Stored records

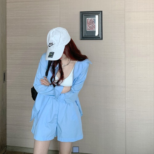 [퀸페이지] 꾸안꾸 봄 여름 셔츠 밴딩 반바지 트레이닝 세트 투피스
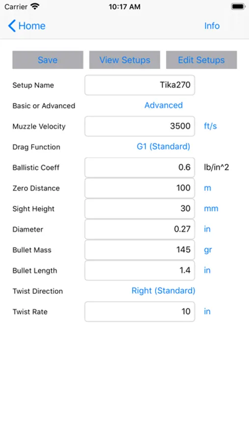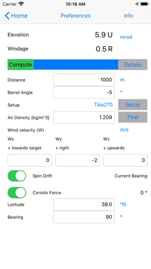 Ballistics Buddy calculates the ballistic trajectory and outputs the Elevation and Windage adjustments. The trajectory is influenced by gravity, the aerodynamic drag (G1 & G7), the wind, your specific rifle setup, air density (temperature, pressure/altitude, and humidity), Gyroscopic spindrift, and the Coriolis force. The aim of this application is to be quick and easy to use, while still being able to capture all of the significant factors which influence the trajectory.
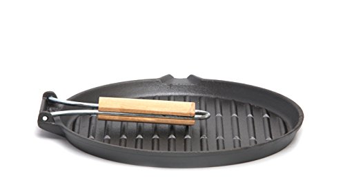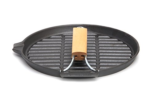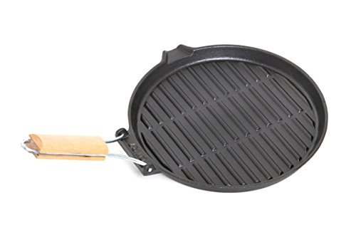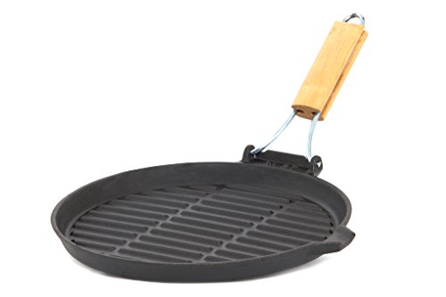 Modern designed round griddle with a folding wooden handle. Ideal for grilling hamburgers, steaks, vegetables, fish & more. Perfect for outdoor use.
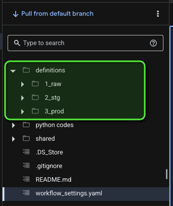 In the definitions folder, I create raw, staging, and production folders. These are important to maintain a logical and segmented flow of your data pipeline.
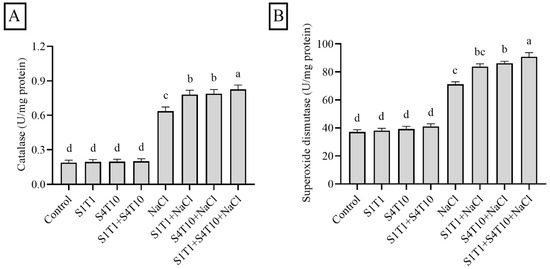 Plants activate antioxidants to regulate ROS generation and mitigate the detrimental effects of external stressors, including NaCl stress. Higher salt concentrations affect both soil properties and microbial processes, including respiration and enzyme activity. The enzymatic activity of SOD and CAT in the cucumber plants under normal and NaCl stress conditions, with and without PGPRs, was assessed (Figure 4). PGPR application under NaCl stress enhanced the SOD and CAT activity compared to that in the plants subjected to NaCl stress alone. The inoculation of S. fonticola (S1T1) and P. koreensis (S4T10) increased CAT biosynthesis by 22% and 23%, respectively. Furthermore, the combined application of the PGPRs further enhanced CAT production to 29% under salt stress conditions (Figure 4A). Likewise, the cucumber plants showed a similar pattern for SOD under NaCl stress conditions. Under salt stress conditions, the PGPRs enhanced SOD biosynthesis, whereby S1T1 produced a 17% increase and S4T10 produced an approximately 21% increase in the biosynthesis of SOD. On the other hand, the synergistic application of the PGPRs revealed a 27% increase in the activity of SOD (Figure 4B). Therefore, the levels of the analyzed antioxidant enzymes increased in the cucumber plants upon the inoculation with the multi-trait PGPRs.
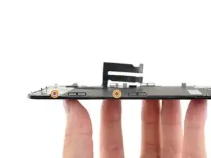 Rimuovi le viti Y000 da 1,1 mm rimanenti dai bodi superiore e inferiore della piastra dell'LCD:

WORK TASK:
Please write out exactly, and only, the lines from the beginning of the entries through the line containing "In the definitions", including both and skipping all pictures.

ANSWER SPACE:
 [퀸페이지] 꾸안꾸 봄 여름 셔츠 밴딩 반바지 트레이닝 세트 투피스
 Ballistics Buddy calculates the ballistic trajectory and outputs the Elevation and Windage adjustments. The trajectory is influenced by gravity, the aerodynamic drag (G1 & G7), the wind, your specific rifle setup, air density (temperature, pressure/altitude, and humidity), Gyroscopic spindrift, and the Coriolis force. The aim of this application is to be quick and easy to use, while still being able to capture all of the significant factors which influence the trajectory.
 Modern designed round griddle with a folding wooden handle. Ideal for grilling hamburgers, steaks, vegetables, fish & more. Perfect for outdoor use.
 In the definitions folder, I create raw, staging, and production folders. These are important to maintain a logical and segmented flow of your data pipeline.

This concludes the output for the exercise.